Beth Fisher-Yoshida, author of "New Story, New Power: A Woman's Guide to Negotiation" on teaching kids negotiation skills…
“Kids are often demanding things they want. Parents can build negotiation skills by hearing them, acknowledging them and then saying, "Well, let's see if we can do it this way, instead. Let's see what our other options are." And really exploring options gives them that understanding that it doesn't have to be only their demand. Because they know that you've heard them, you're paying attention to them, you're emotionally involved with them. But also that it’s important to consider other options that are mutually agreeable—or even better.”
Gloria Rivera, host of “No One’s Coming to Save Us Podcast” on whether COVID was a turning point in the national conversation on childcare…
“I think it was. I am a glass half full person and I'm a glass half full reporter. And so I would say that yes it was a turning point because now we're all talking about it. How many conversations did you have about childcare before COVID? Not too many. So I choose to say yes.
Now the next question is, okay, so what's been done about it? And that's the harder question to answer because with COVID relief, we did see federal dollars invested in helping families. And we spoke to parents who just would say the most beautiful things about how they used those funds. Single mothers would use those funds to hire a babysitter so that they could go participate in the PTA, or they could go do something for, God forbid, their wellbeing. It was looking good, but then all that funding went away. It's hard not to be down about it, but I think that COVID was a turning point because it got the entire country to wake up and finally see mothers.”
Dr. Shelby Harris, author of "The Women's Guide to Overcoming Insomnia", on her best tips for getting a better night’s sleep…

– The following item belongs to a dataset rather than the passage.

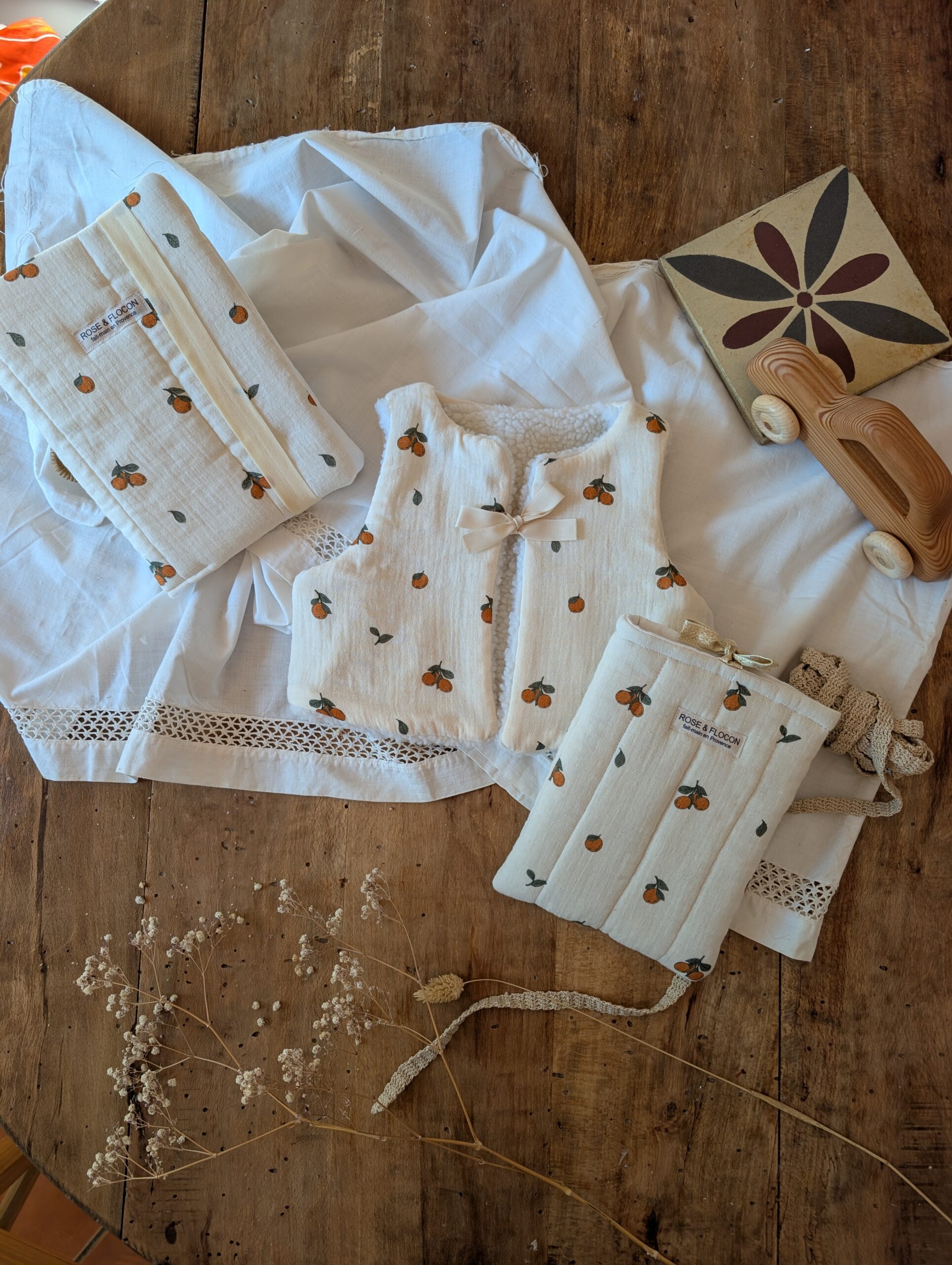 Chaque gilet est cousu à la main dans mon atelier, uniquement à la commande. Cette fabrication raisonnée évite le stock inutile et valorise un savoir-faire artisanal français.

“Inconsistent sleep-wake schedules are a big issue. Try not to have more than a swing of an hour to 90 minutes max in the mornings, being as consistent to the same bed/wake times is really helpful. Finding time to wind down before bed is useful, as sleep isn’t an on/off switch. Also, limiting caffeine within 8 hours of bed is helpful. Light exposure during the day is important to help set your body’s circadian rhythm and sleep-wake pattern, as well as dimming the lights and darkness/cool room at night.”
Liana Slater co-founder of Monumental Me, on the importance of asking for help…

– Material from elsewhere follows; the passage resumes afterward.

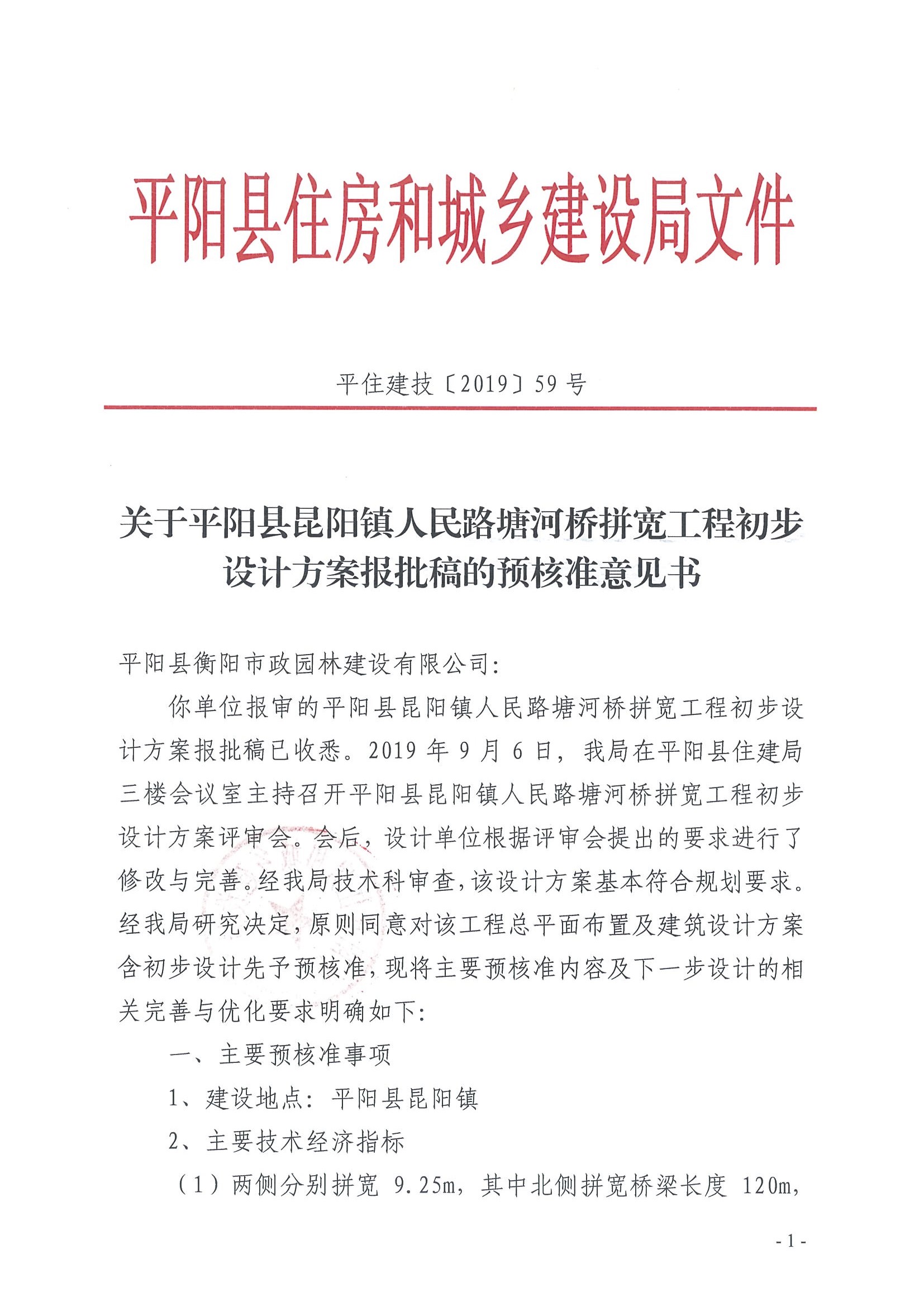 關(guān)于平陽縣昆陽鎮(zhèn)人民路塘河橋拼寬工程初步設(shè)計方案報批稿的預(yù)核準(zhǔn)意見書

“The best thing we can do to set ourselves AND our kids up for success is to model asking and expecting help and participation in all aspects of home life. Once we let go of the feeling we need to do it all, we are much closer to reducing a sense of overwhelm and eliminating guilt.”
Molly Dickens, from the Maternal Stress Project on potential solutions to parental stress…
“I think of solutions in concentric circles. You have the individual at the center—and though there are a lot of good stress management techniques that exist on the individual-level, I think we over-rely on them when we talk about solutions. As you said, a massage is not going to cut it!
In the next circle out, there are partner-based solutions – for example, redistribution of the mental load. Outside of that you have friends and family, and beyond that is the larger community and workplace – solutions here revolve around shifting the narrative, shifting how we interact with each other, and shifting how we show up for each other in our communities and at work. The Surgeon General’s advisory also had some good ideas for community, especially as it relates to loneliness.
And then, of course, we have the outer circle, the larger policy level, which, when done well, can positively impact the largest range of individuals —things like access to affordable (or free!) childcare, paid leave, and an expanded social safety net.”